* Problem statement *
Before you return the lines below, strip out any images and keep every word as written.

Data excerpts
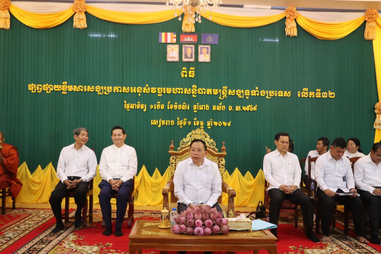 ក្នុងឱកាសសំណេះសំណាលនិងផ្សព្វផ្សាយខ្លឹមសារសង្ឃប្រកាសអនុសំវច្ឆរមហាសន្និបាតមន្ត្រីសង្ឃទូទាំងប្រទេស លើកទី៣២នេះដែរ ឯកឧត្តមបណ្ឌិតរដ្ឋមន្ត្រី បានបញ្ជាក់ថា ក្រសួងធម្មការនិងសាសនា សូមឯកភាពជាមួយនិងគណៈសង្ឃនាយក និងសូមថ្វាយបង្គំស្នើដល់គណៈសង្ឃនាយក ណែនាំដល់ព្រះចៅអធិការគ្រប់វត្ត ពង្រឹងនូវធម៌វិន័យ ដល់ភិក្ខុ សាមណេរ សមទៅនិងអភិក្រម ៥ របស់ព្រះពុទ្ធសាសនារួមមាន ៖ ១៖ បព្វជ្ជា (ការបួស) ២៖ បរិយត្តិ (ការសិក្សា) ៣៖ បដិបត្តិ ( ការប្រតិបត្តិ) ៤៖ បដិវេធៈ(លទ្ធផល) ៥៖ បព្វាជនីយកម្ម (ការដាក់ទោស ឬ បញ្ចប់ភារកិច្ច) និងបន្តថែរក្សាឱ្យបានអភិក្រម ស៣ សម្រាប់វត្តអារាម របស់ក្រសួងធម្មការនិងសាសនាគឺ វត្តស្អាត វត្តស្ងប់ និងវត្តស្វាង ដើម្បីឱ្យស័ក្តិសមជាខេត្តដែលកំពុងមានសក្តានុពលផ្នែកទេសចរណ៍ វប្បធម៌ បេតិកភណ្ឌ និងសាសនា ។
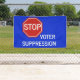 Unterbrechen Sie das Zeichen mit dem Text "Stopp Voter Suppression" auf dunkelblauem Hintergrund.
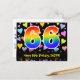 Den främre delen av denna färgglada, spännande och kärleksfulla födelsedagstema postkortsdesign har en stor siffra "66" med ett regnbågsspektrum-gradering inspirerat mönster, tillsammans med meddelandet "Grattis på 66-årsdagen," och ett redigerbart mottagarnamn. Framsidan har dessutom ett färgglatt och livfullt kärleksfullt hjärtformigt bakgrundsmönster. Baksidan har ett anpassat födelsedagsmeddelande, eller skulle kanske kunna tömmas och lämnas tomt om ett meddelande ska skrivas för hand istället. Ett anpassningsbart födelsedagskort som detta kan vara ett roligt sätt att fira någon på deras sextio-årsdag. Postkort som detta kan också användas för att inbjuda gäster till en födelsedagsfest som håll
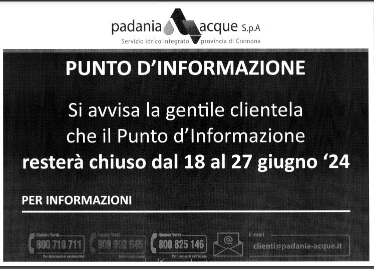 SPORTELLO PADANIA ACQUE - CHIUSURA DAL 18 AL 27 GIUGNO 2024
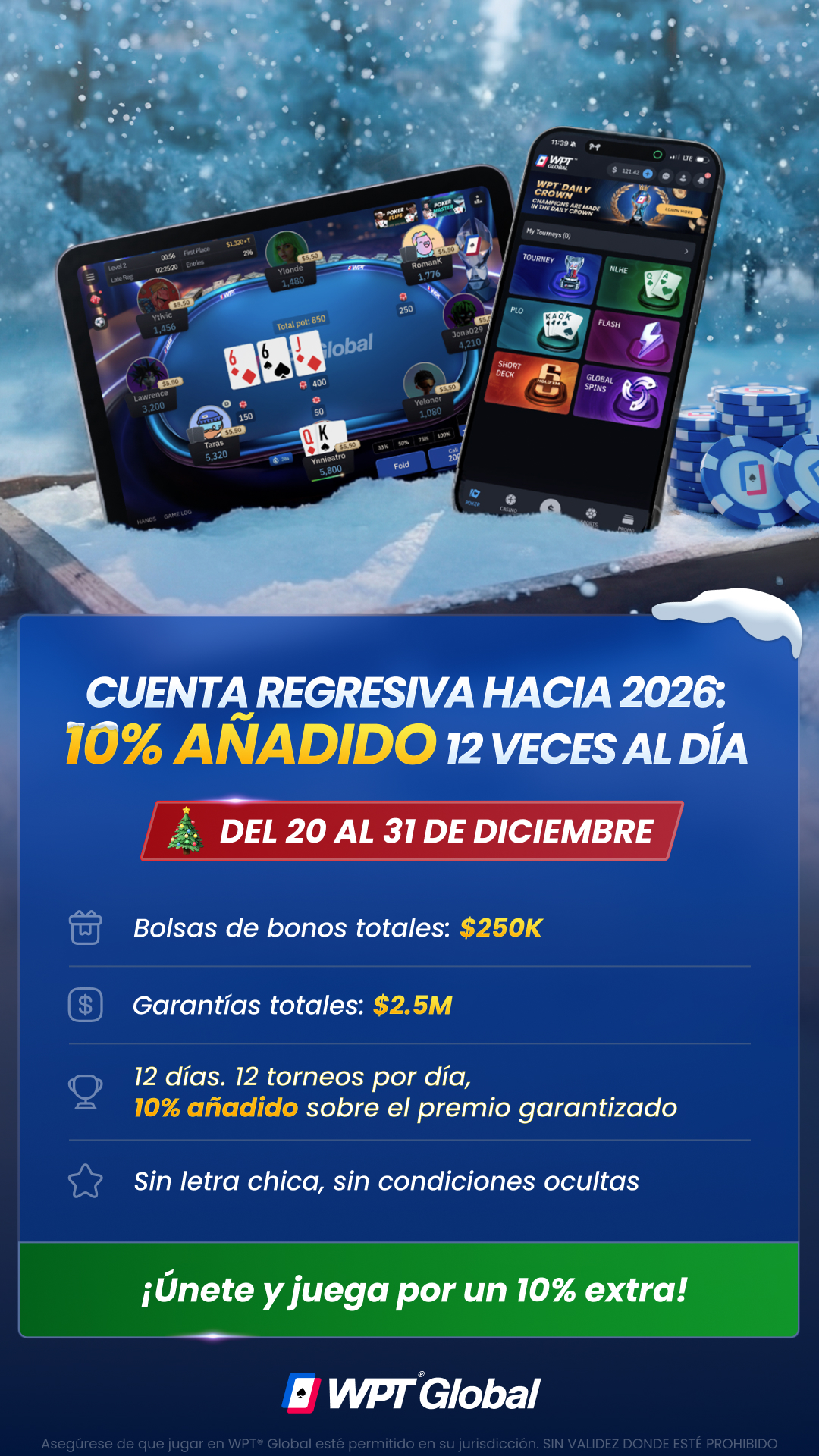 Ya seas un grinder de torneos o simplemente tengas ganas de jugar durante la temporada navideña, te damos 144 oportunidades de obtener más valor con los mismos buy-ins y cerrar 2025 a lo grande.
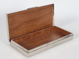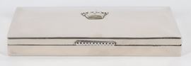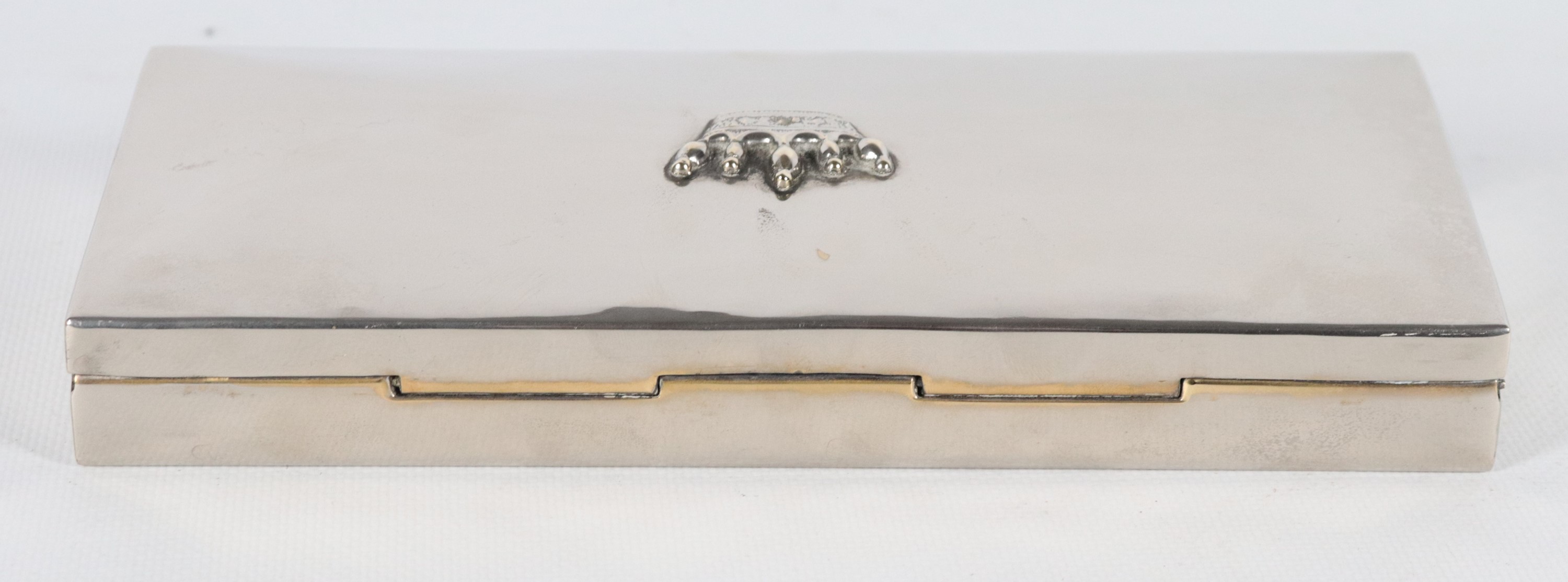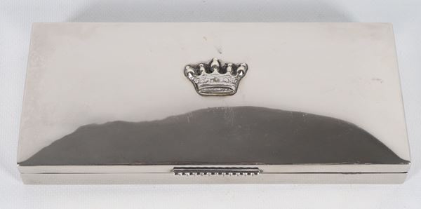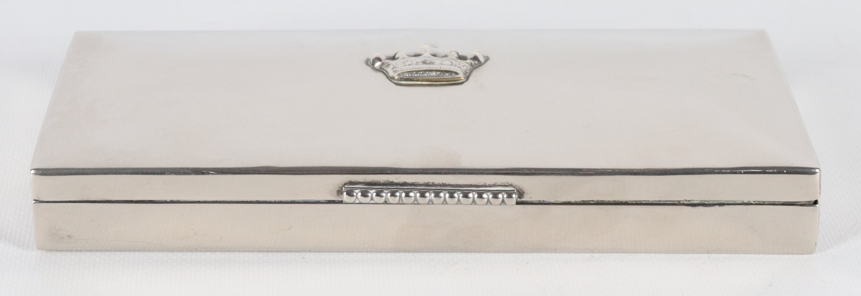 Cigarette box made of wood covered in silver metal, with a patrician crown on the lid
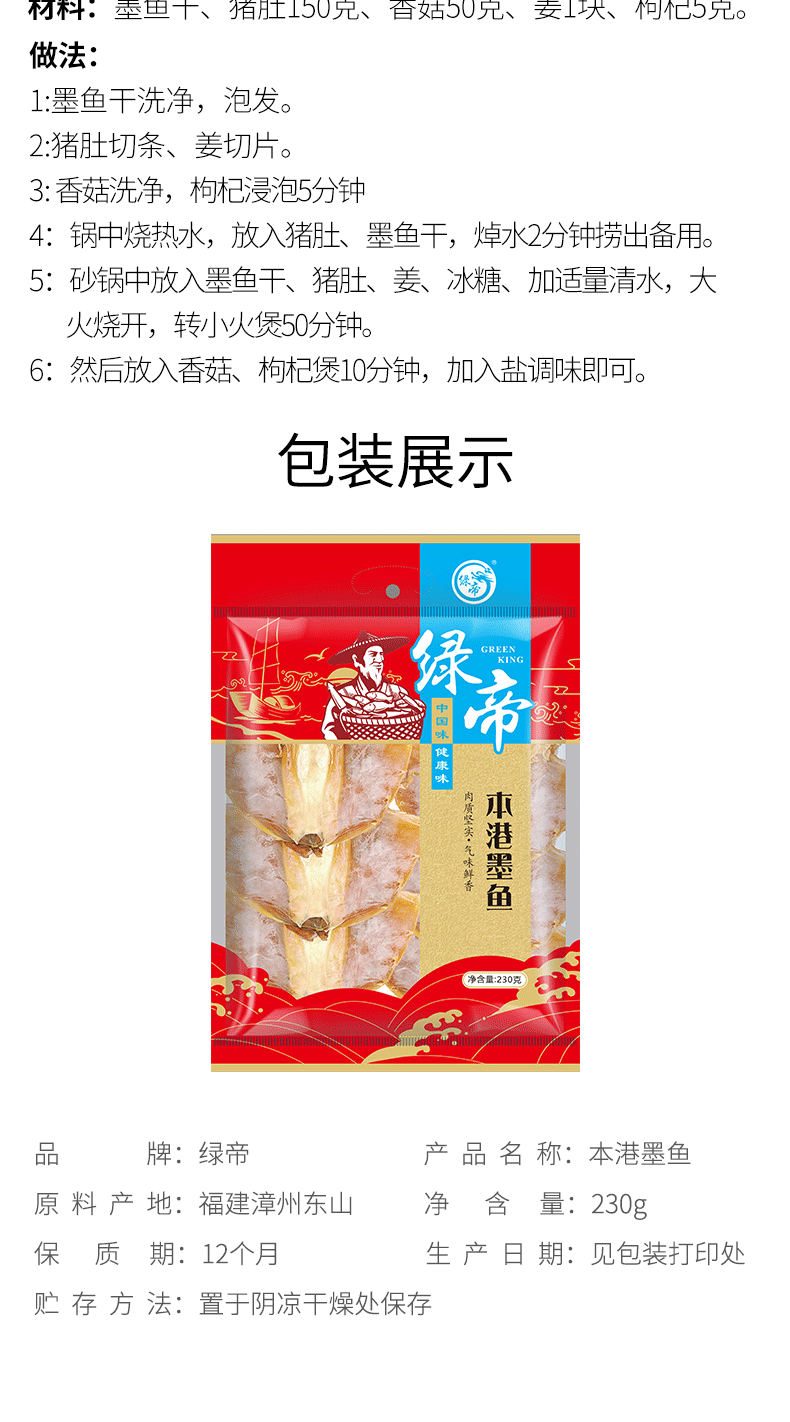 商品名称:(世星阳光)+绿帝本港墨鱼230g 上好食材 口感鲜美
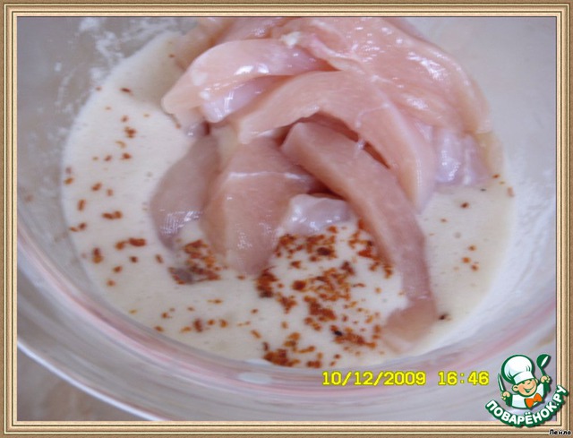 и обжарить полоски куриного мяса партиями, примерно 1-2 минуты
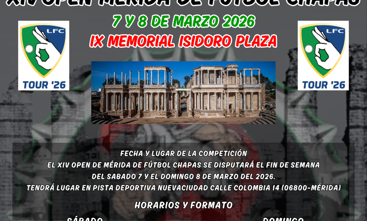 La XIV edición del Circuito de Opens de la Federación Española de Fútbolchapas 'Ciudad de Mérida', que se celebrará en la capital extremeña este fin de semana, 7 y 8 de marzo, y que también rendirá homenaje en su IX Memorial a 'Isidoro Plaza', reunirá a 80 jugadores de toda la geografía española y contará con la visita de varios participantes portugueses.

* Result below *
 ក្នុងឱកាសសំណេះសំណាលនិងផ្សព្វផ្សាយខ្លឹមសារសង្ឃប្រកាសអនុសំវច្ឆរមហាសន្និបាតមន្ត្រីសង្ឃទូទាំងប្រទេស លើកទី៣២នេះដែរ ឯកឧត្តមបណ្ឌិតរដ្ឋមន្ត្រី បានបញ្ជាក់ថា ក្រសួងធម្មការនិងសាសនា សូមឯកភាពជាមួយនិងគណៈសង្ឃនាយក និងសូមថ្វាយបង្គំស្នើដល់គណៈសង្ឃនាយក ណែនាំដល់ព្រះចៅអធិការគ្រប់វត្ត ពង្រឹងនូវធម៌វិន័យ ដល់ភិក្ខុ សាមណេរ សមទៅនិងអភិក្រម ៥ របស់ព្រះពុទ្ធសាសនារួមមាន ៖ ១៖ បព្វជ្ជា (ការបួស) ២៖ បរិយត្តិ (ការសិក្សា) ៣៖ បដិបត្តិ ( ការប្រតិបត្តិ) ៤៖ បដិវេធៈ(លទ្ធផល) ៥៖ បព្វាជនីយកម្ម (ការដាក់ទោស ឬ បញ្ចប់ភារកិច្ច) និងបន្តថែរក្សាឱ្យបានអភិក្រម ស៣ សម្រាប់វត្តអារាម របស់ក្រសួងធម្មការនិងសាសនាគឺ វត្តស្អាត វត្តស្ងប់ និងវត្តស្វាង ដើម្បីឱ្យស័ក្តិសមជាខេត្តដែលកំពុងមានសក្តានុពលផ្នែកទេសចរណ៍ វប្បធម៌ បេតិកភណ្ឌ និងសាសនា ។
 Unterbrechen Sie das Zeichen mit dem Text "Stopp Voter Suppression" auf dunkelblauem Hintergrund.
 Den främre delen av denna färgglada, spännande och kärleksfulla födelsedagstema postkortsdesign har en stor siffra "66" med ett regnbågsspektrum-gradering inspirerat mönster, tillsammans med meddelandet "Grattis på 66-årsdagen," och ett redigerbart mottagarnamn. Framsidan har dessutom ett färgglatt och livfullt kärleksfullt hjärtformigt bakgrundsmönster. Baksidan har ett anpassat födelsedagsmeddelande, eller skulle kanske kunna tömmas och lämnas tomt om ett meddelande ska skrivas för hand istället. Ett anpassningsbart födelsedagskort som detta kan vara ett roligt sätt att fira någon på deras sextio-årsdag. Postkort som detta kan också användas för att inbjuda gäster till en födelsedagsfest som håll
 SPORTELLO PADANIA ACQUE - CHIUSURA DAL 18 AL 27 GIUGNO 2024
 Ya seas un grinder de torneos o simplemente tengas ganas de jugar durante la temporada navideña, te damos 144 oportunidades de obtener más valor con los mismos buy-ins y cerrar 2025 a lo grande.
 Cigarette box made of wood covered in silver metal, with a patrician crown on the lid
 商品名称:(世星阳光)+绿帝本港墨鱼230g 上好食材 口感鲜美
 и обжарить полоски куриного мяса партиями, примерно 1-2 минуты
 La XIV edición del Circuito de Opens de la Federación Española de Fútbolchapas 'Ciudad de Mérida', que se celebrará en la capital extremeña este fin de semana, 7 y 8 de marzo, y que también rendirá homenaje en su IX Memorial a 'Isidoro Plaza', reunirá a 80 jugadores de toda la geografía española y contará con la visita de varios participantes portugueses.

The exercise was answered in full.